> REQUIREMENT: Beginning at the line that contains "スターリンクのアンテナを設置", reproduce the entries below exactly, ending with the line that contains "Erstellen Sie Kalkulationsblätter". Omit each picture.

___ PROVIDED ENTRIES ___

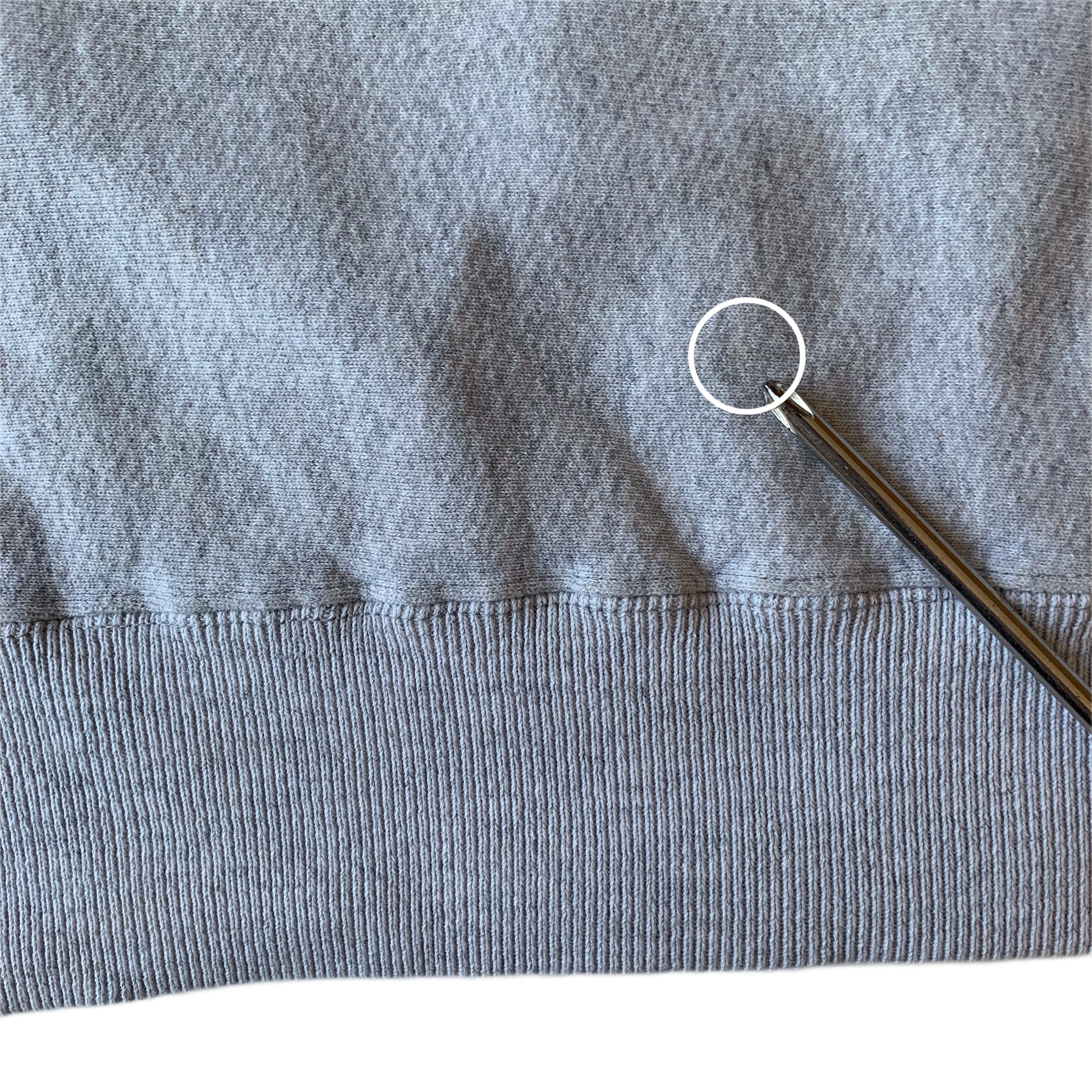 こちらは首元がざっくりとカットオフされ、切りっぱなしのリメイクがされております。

___
___ PROVIDED ENTRIES ___

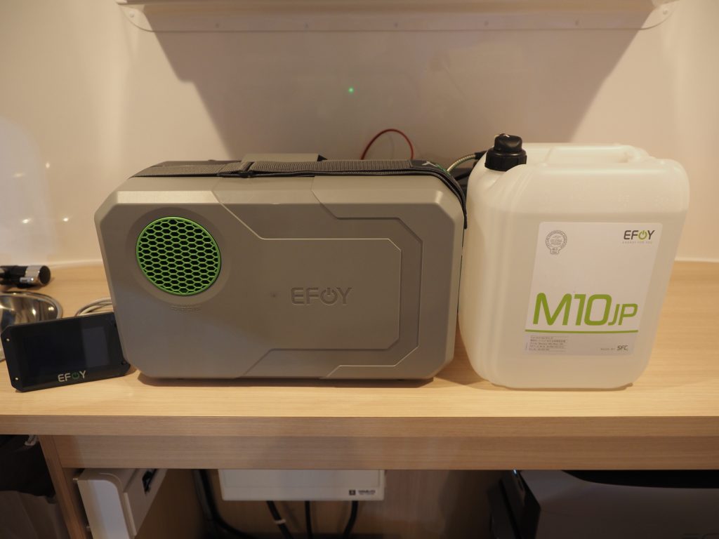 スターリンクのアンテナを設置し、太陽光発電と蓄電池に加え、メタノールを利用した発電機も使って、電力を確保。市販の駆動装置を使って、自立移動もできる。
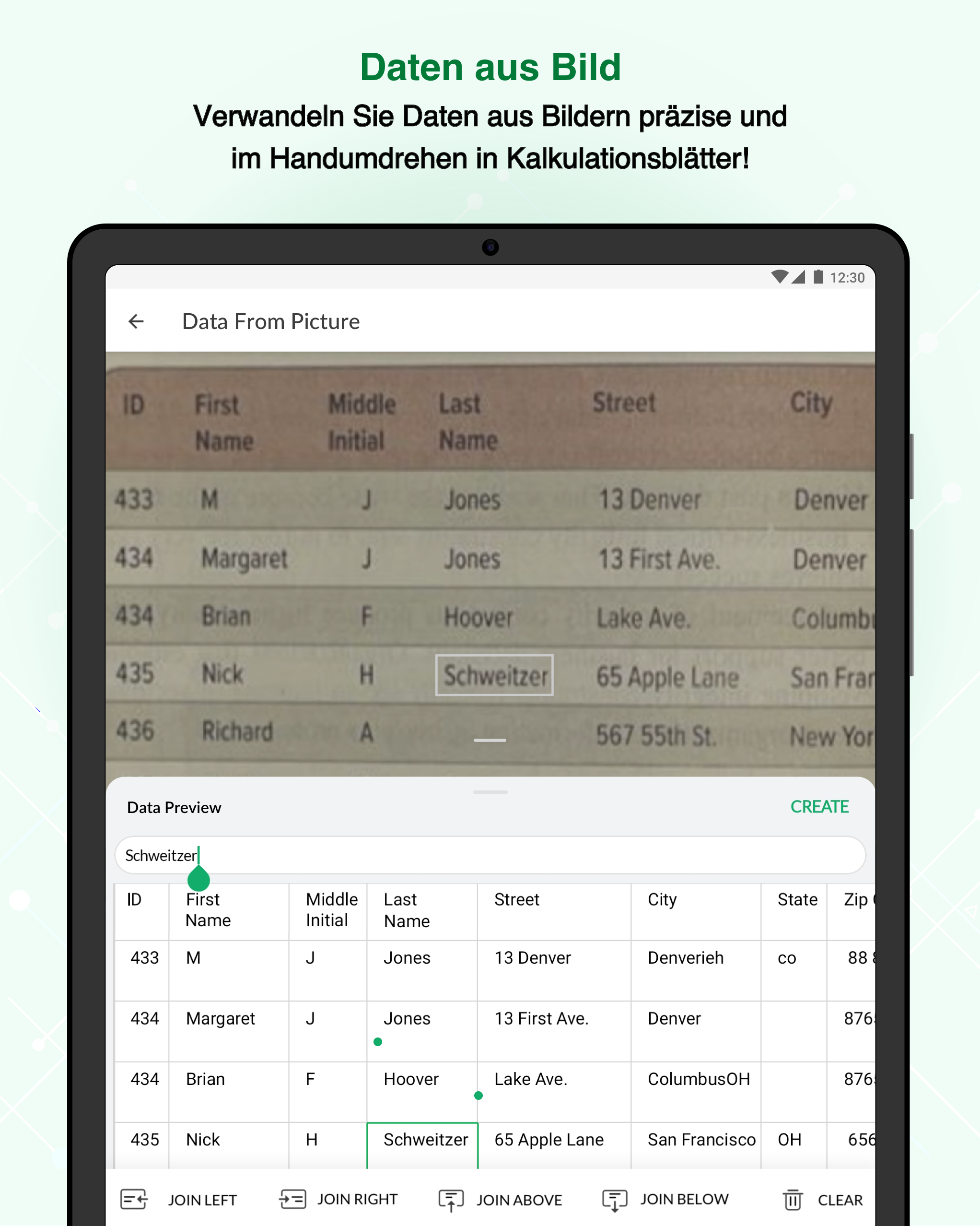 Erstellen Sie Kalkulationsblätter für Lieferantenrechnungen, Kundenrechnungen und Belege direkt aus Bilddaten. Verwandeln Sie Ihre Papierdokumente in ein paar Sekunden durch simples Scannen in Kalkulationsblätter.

___

> SOLUTION:
 スターリンクのアンテナを設置し、太陽光発電と蓄電池に加え、メタノールを利用した発電機も使って、電力を確保。市販の駆動装置を使って、自立移動もできる。
 Erstellen Sie Kalkulationsblätter für Lieferantenrechnungen, Kundenrechnungen und Belege direkt aus Bilddaten. Verwandeln Sie Ihre Papierdokumente in ein paar Sekunden durch simples Scannen in Kalkulationsblätter.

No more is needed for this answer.